BEGIN
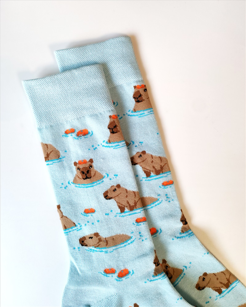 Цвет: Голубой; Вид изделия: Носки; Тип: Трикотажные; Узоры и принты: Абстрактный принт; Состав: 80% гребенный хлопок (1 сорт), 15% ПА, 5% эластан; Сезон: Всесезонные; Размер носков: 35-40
END
BEGIN
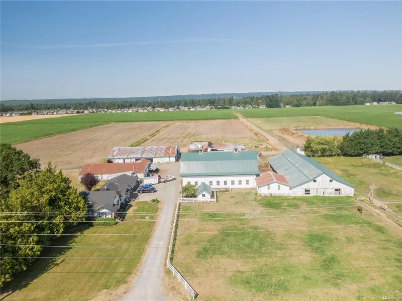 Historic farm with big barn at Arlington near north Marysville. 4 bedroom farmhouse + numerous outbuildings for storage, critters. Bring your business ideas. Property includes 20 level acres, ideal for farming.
END
BEGIN
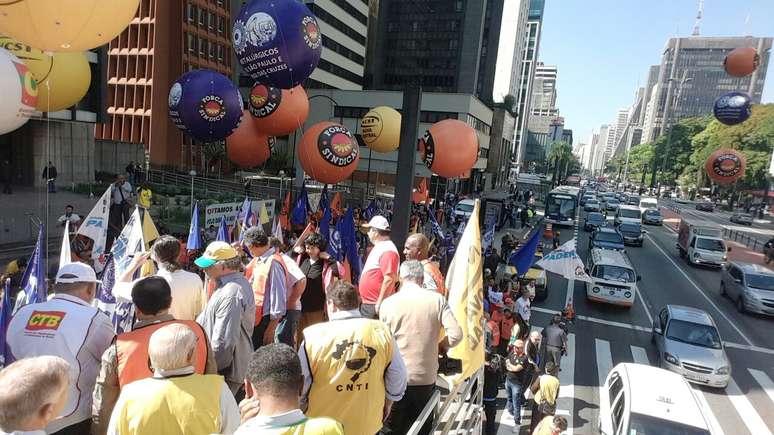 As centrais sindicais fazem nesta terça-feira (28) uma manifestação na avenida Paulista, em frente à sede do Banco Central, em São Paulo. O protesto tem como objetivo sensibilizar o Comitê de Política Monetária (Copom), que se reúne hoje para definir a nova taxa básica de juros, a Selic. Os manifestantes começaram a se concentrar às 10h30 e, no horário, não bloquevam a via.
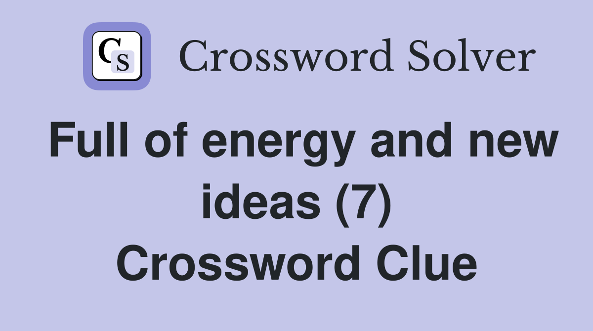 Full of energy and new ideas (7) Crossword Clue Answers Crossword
END
● **YOUR OBJECTIVE**:
Exact copy, pictures excluded: from the line with "As centrais sindicais" up to and including the line with "Full of energy" in the data above.

● **WRITTEN ANSWER**:
 As centrais sindicais fazem nesta terça-feira (28) uma manifestação na avenida Paulista, em frente à sede do Banco Central, em São Paulo. O protesto tem como objetivo sensibilizar o Comitê de Política Monetária (Copom), que se reúne hoje para definir a nova taxa básica de juros, a Selic. Os manifestantes começaram a se concentrar às 10h30 e, no horário, não bloquevam a via.
 Full of energy and new ideas (7) Crossword Clue Answers Crossword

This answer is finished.